Summary: Analytical and numerical solutions are presented for momentum and energy laminar boundary layer along a moving plate in power-law fluids utilizing a similarity transformation and shooting technique. The results indicate that for a given power-law exponent \(n\) (\(0<n\leqslant 1\)) or velocity ratio parameter \(\xi\) , the skin friction \(\sigma\) decreases with the increasing in \(\xi\) or \(n\). The shear force decreases with the increasing in dimensionless tangential velocity \(t\). When Prandtl number \(N_{\text{Pr}}=1\), the dimensionless temperature \(w(t)\) is a linear function of \(t\), and the viscous boundary layer is similar to that of thermal boundary layer. In particular, \(w(t)=t\) if \(\xi=0\), i.e., the velocity distribution in viscous boundary layer has the same pattern as the temperature distribution in the thermal boundary and \(\delta=\delta _T\). For \(N_{\text{Pr}}\geqslant 1\), the increase of viscous diffusion is larger than that of thermal diffusion with the increasing in \(N_{\text{Pr}}\), and \(\delta_T(t)<\delta (t)\).

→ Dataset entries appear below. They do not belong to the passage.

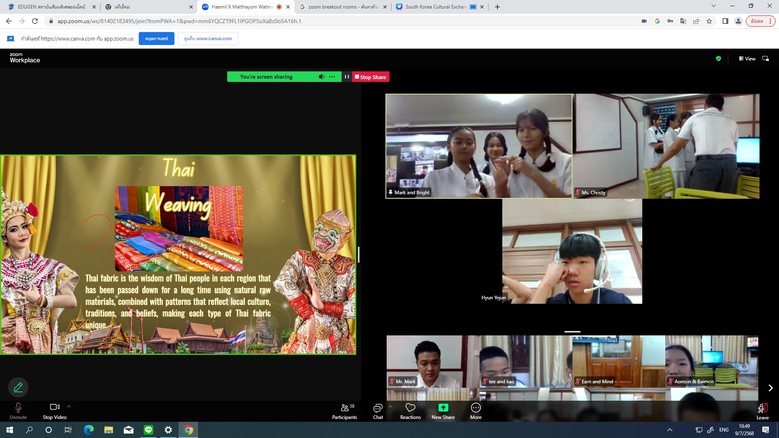 태국 학생들 역시 ▲Mulberry Paper(뽕나무 종이 공예) ▲Alm Flower(전통 조화) ▲Loy Krathong(전통 등불 공예) ▲Thai Weaving(직조 체험) ▲Earthenware(전통 토기 공예) 등을 체험하며, 자신의 작품을 영어로 소개하고 해밀중 학생들과 문화적 다양성을 나누는 소통을 이어가고 있다.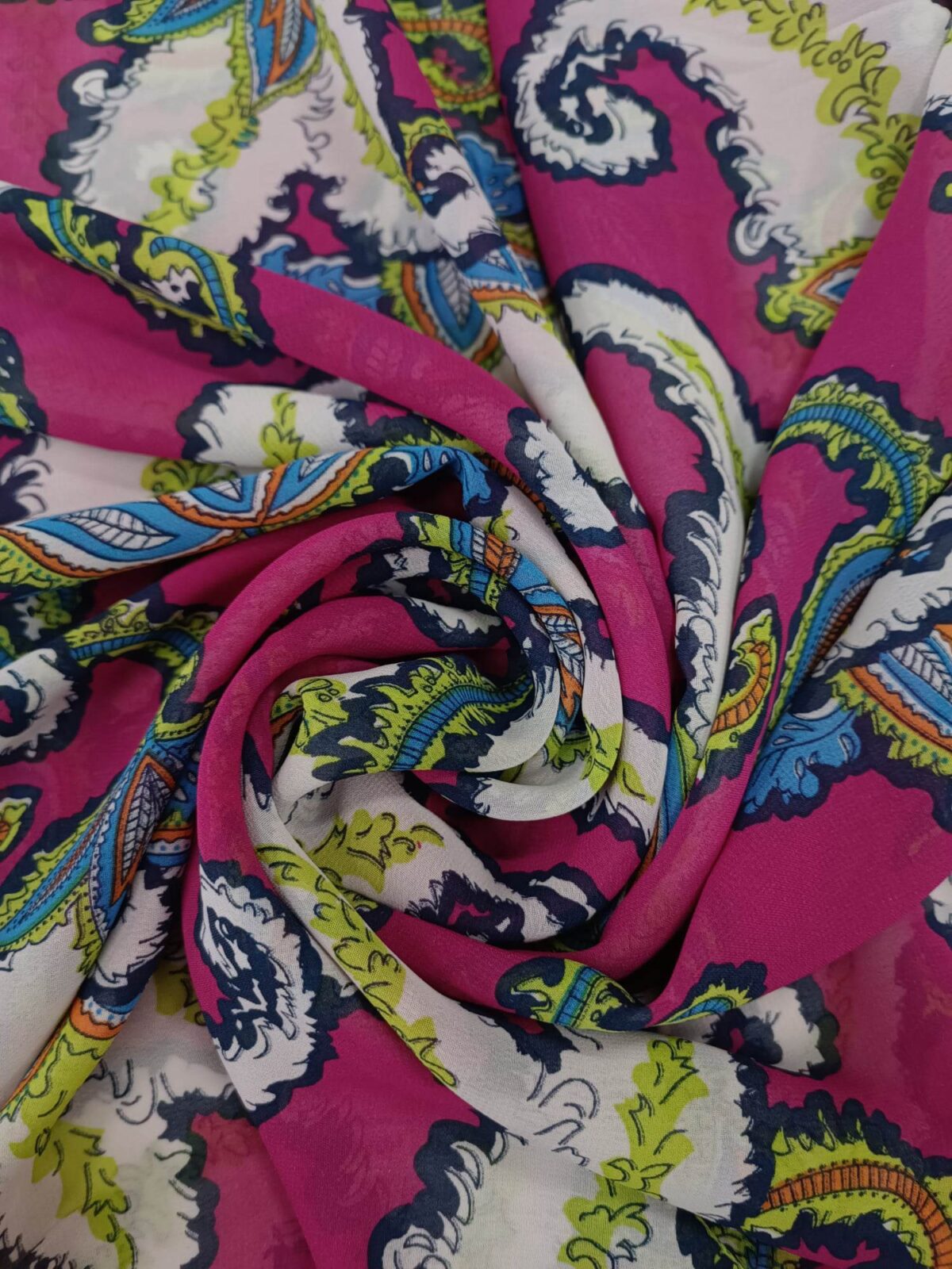 בד אריג שיפון מודפס דק ושקוף עם דוגמא פרחונית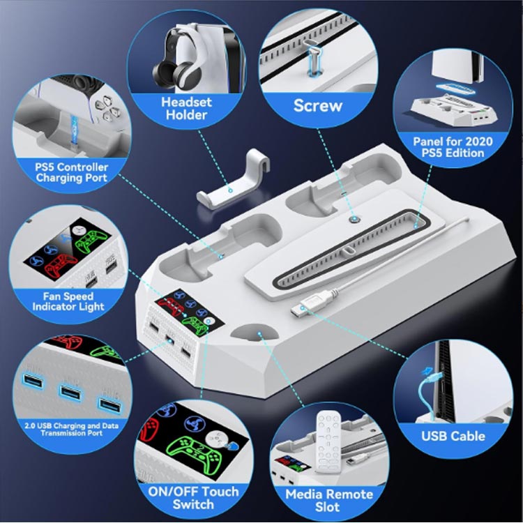 PS5 冷却ファン PS5用 Slim ホワイト ブラック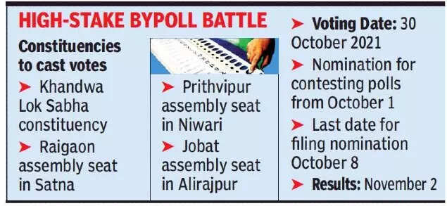 BHOPAL: On Tuesday, bypolls for one parliamentary and three assembly constituencies across Madhya Pradesh were announced on October 30 by the Election Commission (EC).

The thermal diffusion ratio increases with the increasing in \(n\) (\(0<n \leqslant 1\)) and \(\xi\).


76D10 Boundary-layer theory, separation and reattachment, higher-order effects
76A05 Non-Newtonian fluids
76M55 Dimensional analysis and similarity applied to problems in fluid mechanics
76M25 Other numerical methods (fluid mechanics) (MSC2010)
80A20 Heat and mass transfer, heat flow (MSC2010)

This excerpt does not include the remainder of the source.